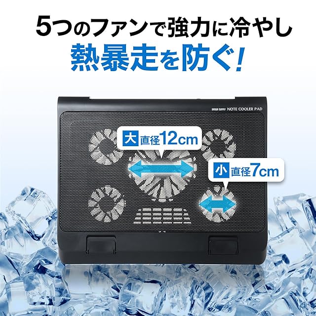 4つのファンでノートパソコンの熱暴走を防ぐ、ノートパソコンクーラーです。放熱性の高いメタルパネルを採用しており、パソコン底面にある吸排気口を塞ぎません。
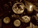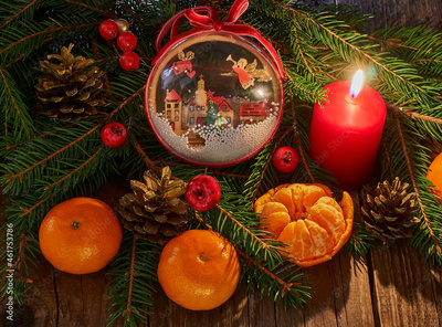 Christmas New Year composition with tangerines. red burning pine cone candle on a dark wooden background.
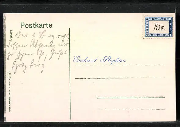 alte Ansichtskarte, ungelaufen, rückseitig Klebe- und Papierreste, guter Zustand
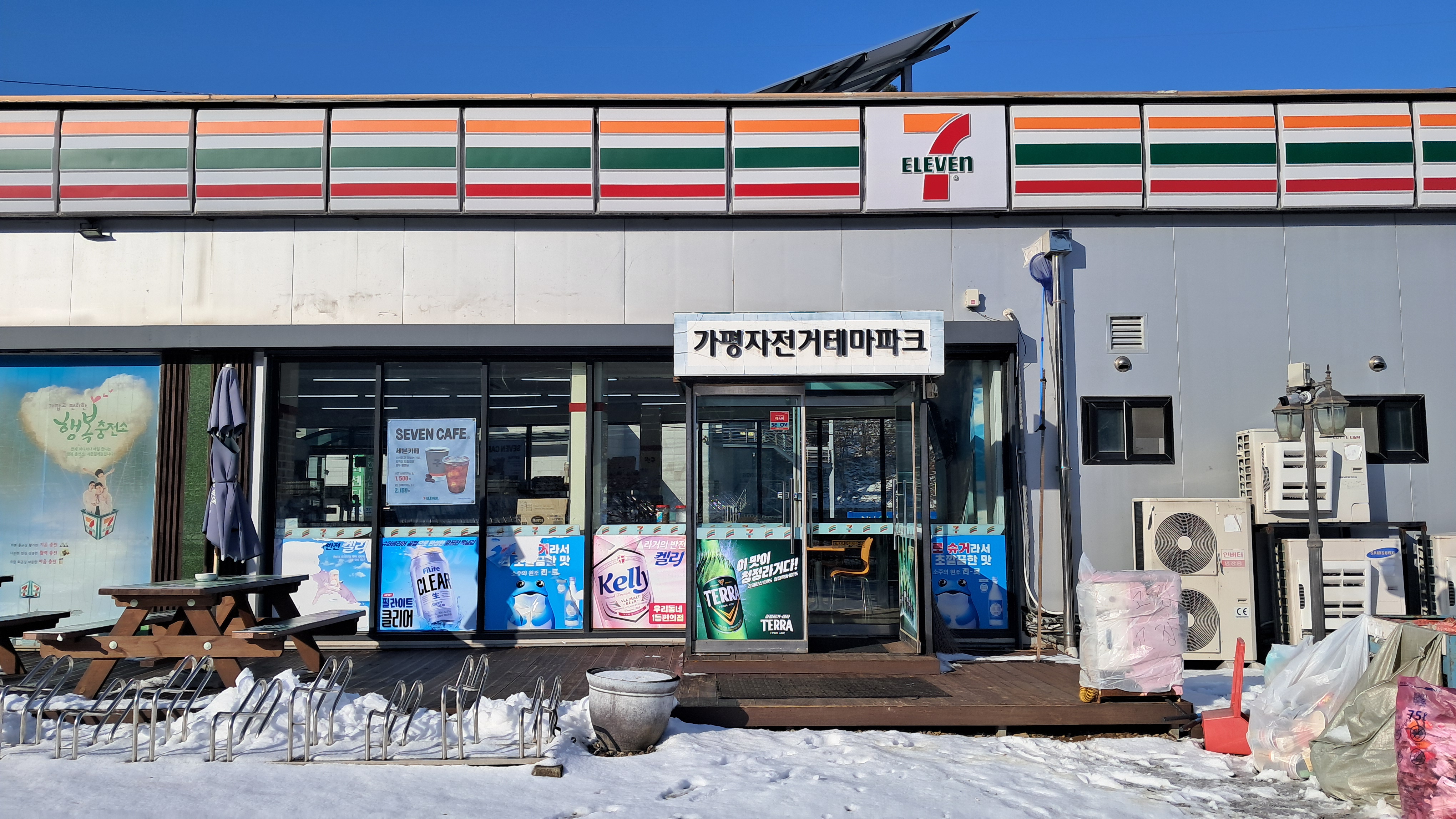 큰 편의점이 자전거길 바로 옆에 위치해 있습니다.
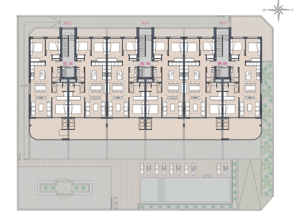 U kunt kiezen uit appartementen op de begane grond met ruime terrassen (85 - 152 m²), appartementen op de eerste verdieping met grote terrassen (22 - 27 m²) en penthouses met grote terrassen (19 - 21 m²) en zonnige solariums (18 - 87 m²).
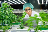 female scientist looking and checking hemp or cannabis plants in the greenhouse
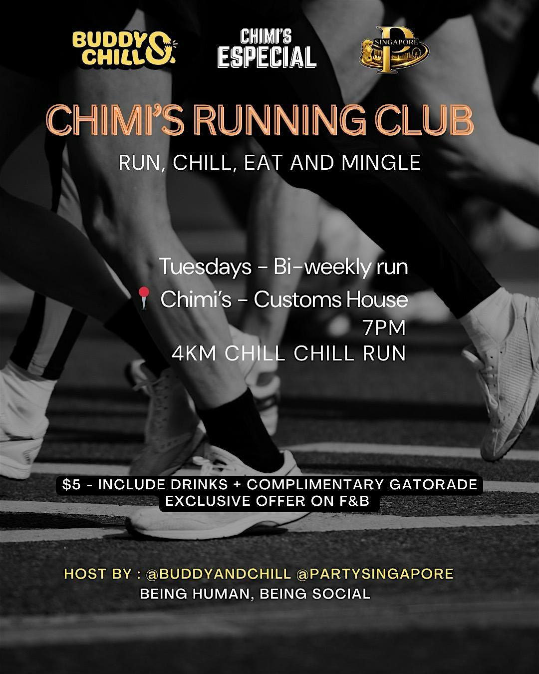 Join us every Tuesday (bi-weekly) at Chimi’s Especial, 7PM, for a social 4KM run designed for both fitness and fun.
======
* **ACTIVITY**
Write down exactly what the lines above say, from the line holding "Christmas New Year" through the line holding "큰 편의점이 자전거길 바로 옆에 위치해 있습니다.", and nothing more. Do not copy the pictures.

* **ANSWER SPACE**
 Christmas New Year composition with tangerines. red burning pine cone candle on a dark wooden background.
 alte Ansichtskarte, ungelaufen, rückseitig Klebe- und Papierreste, guter Zustand
 큰 편의점이 자전거길 바로 옆에 위치해 있습니다.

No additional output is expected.